◆ Work item
So that the copy stays text only, transcribe the data below exactly and exclude the images.

◆ Supplied data
◇ ◇ ◇ ◇ ◇

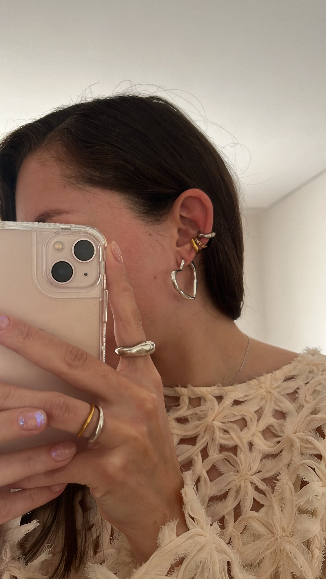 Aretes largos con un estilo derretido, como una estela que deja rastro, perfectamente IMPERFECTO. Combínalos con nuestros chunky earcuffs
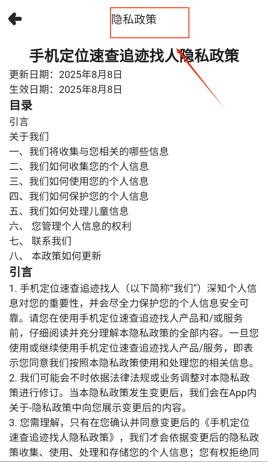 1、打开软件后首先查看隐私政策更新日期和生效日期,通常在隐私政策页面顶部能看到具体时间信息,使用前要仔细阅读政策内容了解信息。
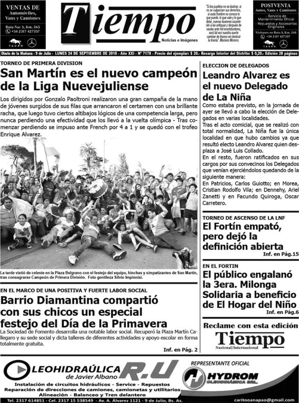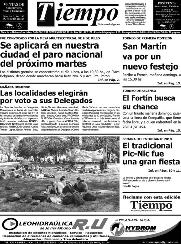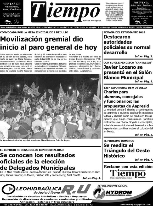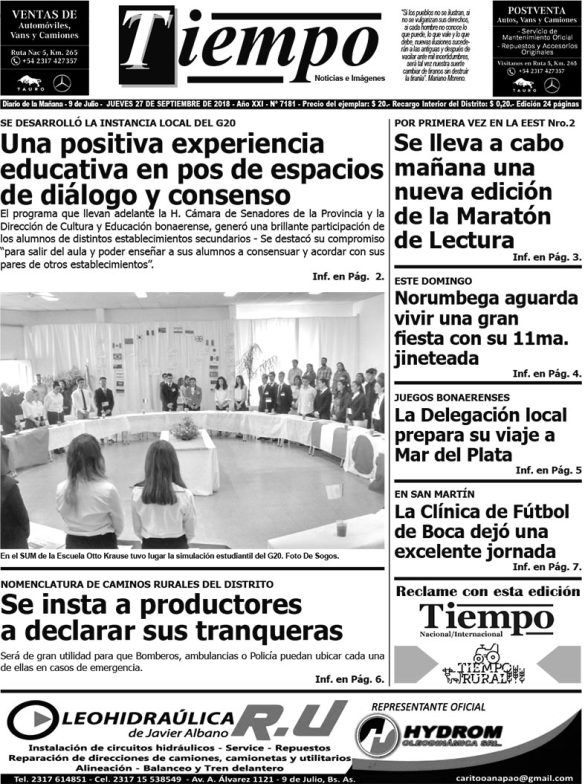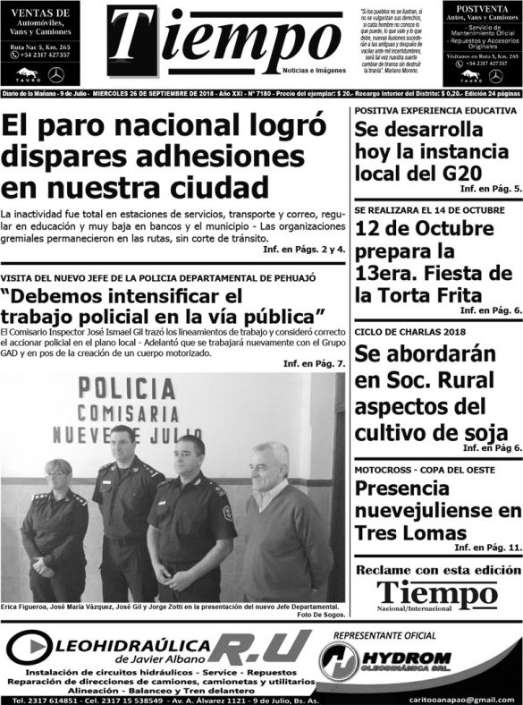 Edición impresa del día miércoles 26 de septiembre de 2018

◇ ◇ ◇ ◇ ◇

◆ Problem solution
 Aretes largos con un estilo derretido, como una estela que deja rastro, perfectamente IMPERFECTO. Combínalos con nuestros chunky earcuffs
 1、打开软件后首先查看隐私政策更新日期和生效日期,通常在隐私政策页面顶部能看到具体时间信息,使用前要仔细阅读政策内容了解信息。
 Edición impresa del día miércoles 26 de septiembre de 2018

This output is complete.